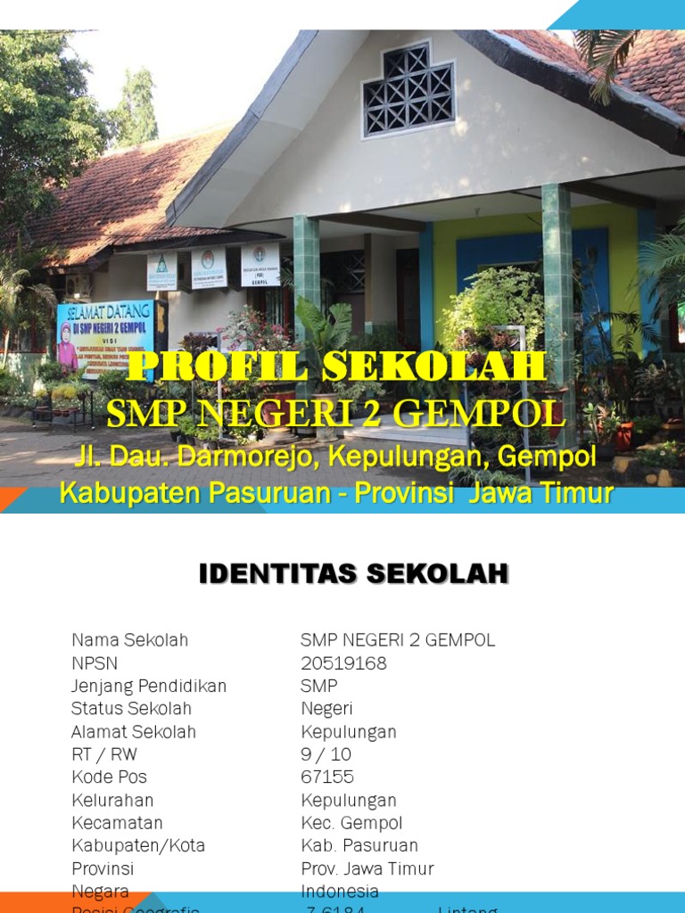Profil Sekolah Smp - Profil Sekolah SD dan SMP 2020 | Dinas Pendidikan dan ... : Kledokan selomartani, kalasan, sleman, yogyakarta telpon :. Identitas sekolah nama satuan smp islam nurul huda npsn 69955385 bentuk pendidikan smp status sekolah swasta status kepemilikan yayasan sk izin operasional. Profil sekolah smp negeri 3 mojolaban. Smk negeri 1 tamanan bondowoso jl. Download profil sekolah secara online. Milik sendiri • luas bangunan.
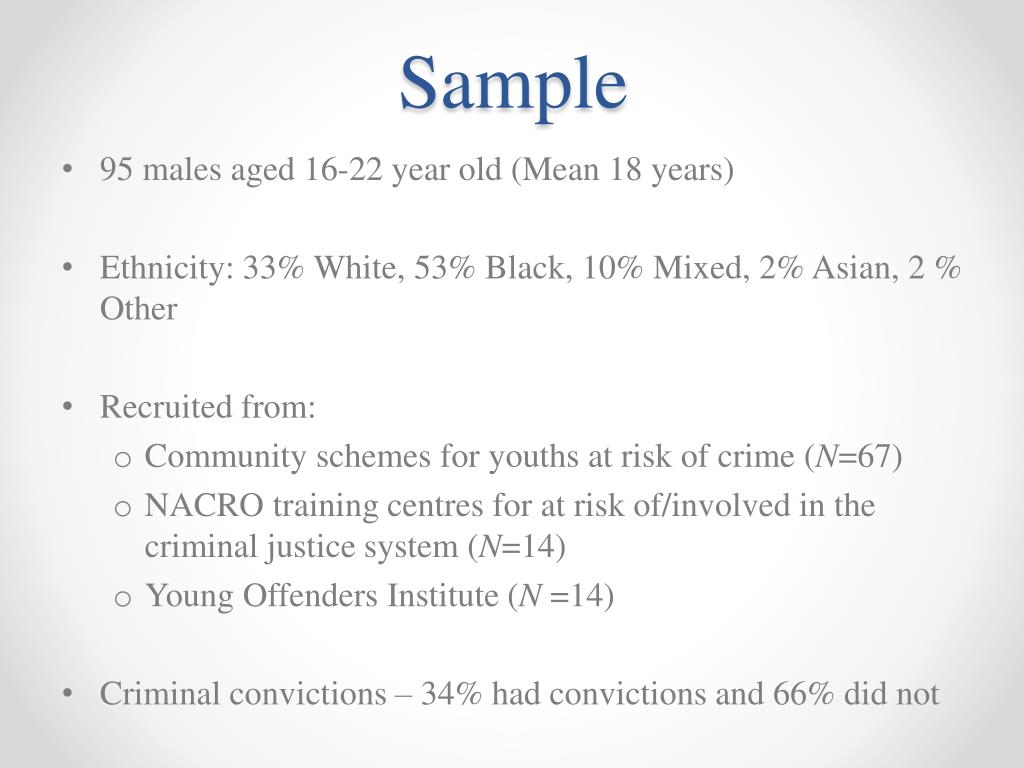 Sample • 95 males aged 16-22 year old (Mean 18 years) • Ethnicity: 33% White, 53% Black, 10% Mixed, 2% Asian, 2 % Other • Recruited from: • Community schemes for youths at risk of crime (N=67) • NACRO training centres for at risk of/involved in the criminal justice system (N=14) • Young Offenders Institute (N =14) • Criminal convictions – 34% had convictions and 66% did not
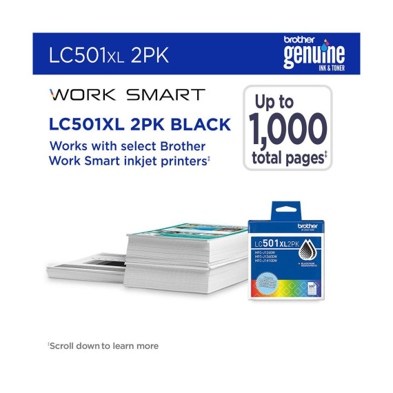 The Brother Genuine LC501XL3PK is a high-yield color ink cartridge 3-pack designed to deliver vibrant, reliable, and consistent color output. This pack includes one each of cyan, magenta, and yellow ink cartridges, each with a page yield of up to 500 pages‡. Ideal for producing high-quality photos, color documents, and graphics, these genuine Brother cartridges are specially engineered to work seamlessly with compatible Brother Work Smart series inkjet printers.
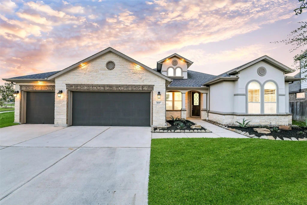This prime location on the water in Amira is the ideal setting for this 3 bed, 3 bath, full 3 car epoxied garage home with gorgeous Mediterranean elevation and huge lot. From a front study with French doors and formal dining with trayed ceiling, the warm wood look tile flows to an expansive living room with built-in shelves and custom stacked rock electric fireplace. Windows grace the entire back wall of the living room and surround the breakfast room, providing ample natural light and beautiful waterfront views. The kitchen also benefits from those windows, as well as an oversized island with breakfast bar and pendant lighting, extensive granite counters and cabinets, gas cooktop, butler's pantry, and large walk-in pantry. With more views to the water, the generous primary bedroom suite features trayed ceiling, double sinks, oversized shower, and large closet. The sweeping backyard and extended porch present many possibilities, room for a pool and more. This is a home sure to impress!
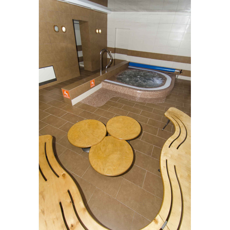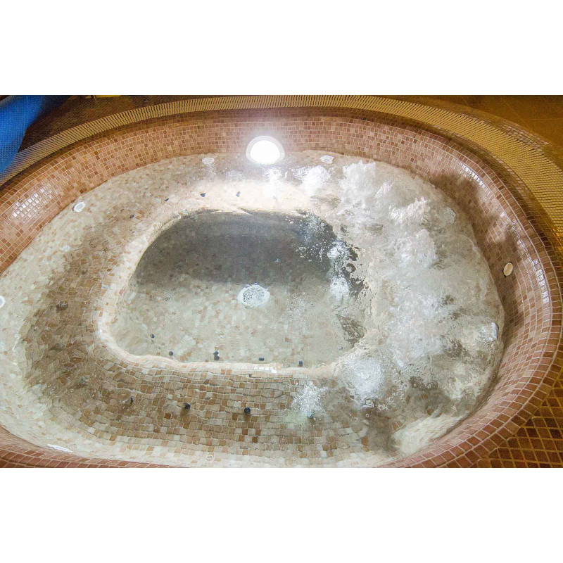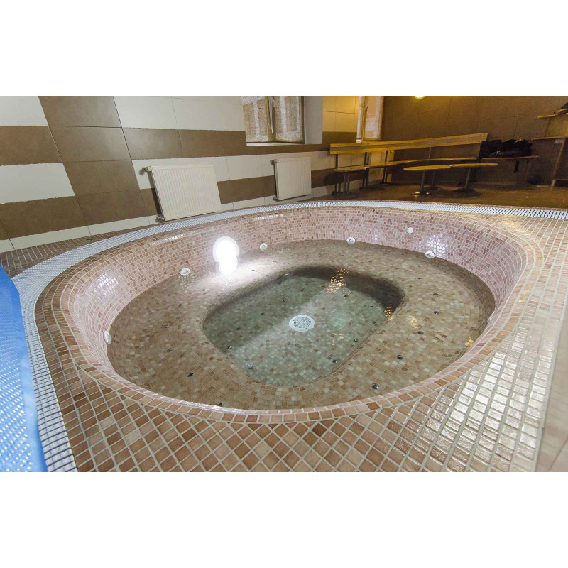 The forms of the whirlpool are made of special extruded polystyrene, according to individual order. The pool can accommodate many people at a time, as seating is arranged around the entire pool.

☆ ☆ ☆ ☆ ☆ ☆ ☆

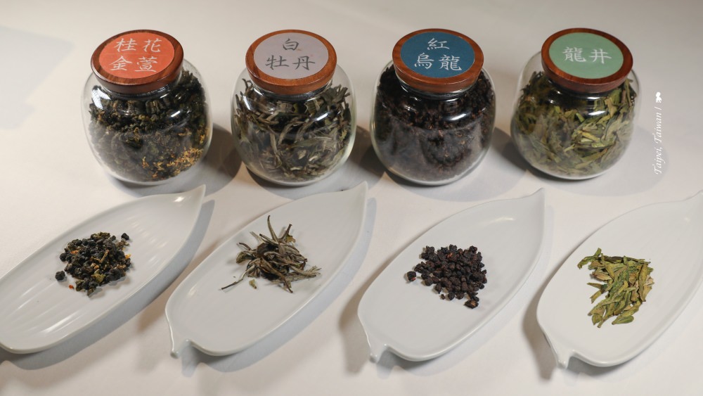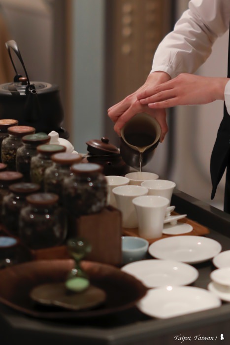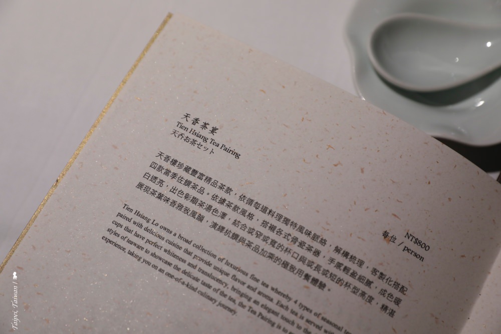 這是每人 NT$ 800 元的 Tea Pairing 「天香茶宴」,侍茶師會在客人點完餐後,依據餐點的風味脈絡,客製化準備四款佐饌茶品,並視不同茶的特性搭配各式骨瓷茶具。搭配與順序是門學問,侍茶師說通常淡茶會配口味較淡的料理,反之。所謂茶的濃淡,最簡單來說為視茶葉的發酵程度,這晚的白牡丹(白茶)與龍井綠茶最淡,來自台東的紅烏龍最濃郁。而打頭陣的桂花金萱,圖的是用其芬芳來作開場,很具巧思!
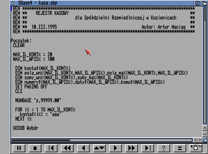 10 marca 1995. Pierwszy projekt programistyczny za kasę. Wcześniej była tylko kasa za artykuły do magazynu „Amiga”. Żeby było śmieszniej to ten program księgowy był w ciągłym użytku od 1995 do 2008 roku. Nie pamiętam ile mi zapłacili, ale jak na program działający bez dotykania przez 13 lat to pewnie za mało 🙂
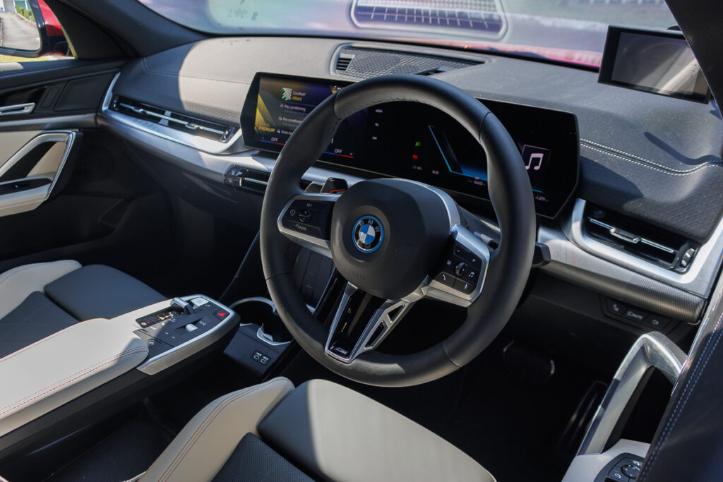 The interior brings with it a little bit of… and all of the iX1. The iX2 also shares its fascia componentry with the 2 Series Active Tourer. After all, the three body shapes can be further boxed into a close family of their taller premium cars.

☆ ☆ ☆ ☆ ☆ ☆ ☆

EXERCISE DESCRIPTION - Taking the entries above, extract every line from the one bearing "10 marca 1995." through the one bearing "The interior brings", exactly, with no pictures.

ANSWER SECTION -
 10 marca 1995. Pierwszy projekt programistyczny za kasę. Wcześniej była tylko kasa za artykuły do magazynu „Amiga”. Żeby było śmieszniej to ten program księgowy był w ciągłym użytku od 1995 do 2008 roku. Nie pamiętam ile mi zapłacili, ale jak na program działający bez dotykania przez 13 lat to pewnie za mało 🙂
 The interior brings with it a little bit of… and all of the iX1. The iX2 also shares its fascia componentry with the 2 Series Active Tourer. After all, the three body shapes can be further boxed into a close family of their taller premium cars.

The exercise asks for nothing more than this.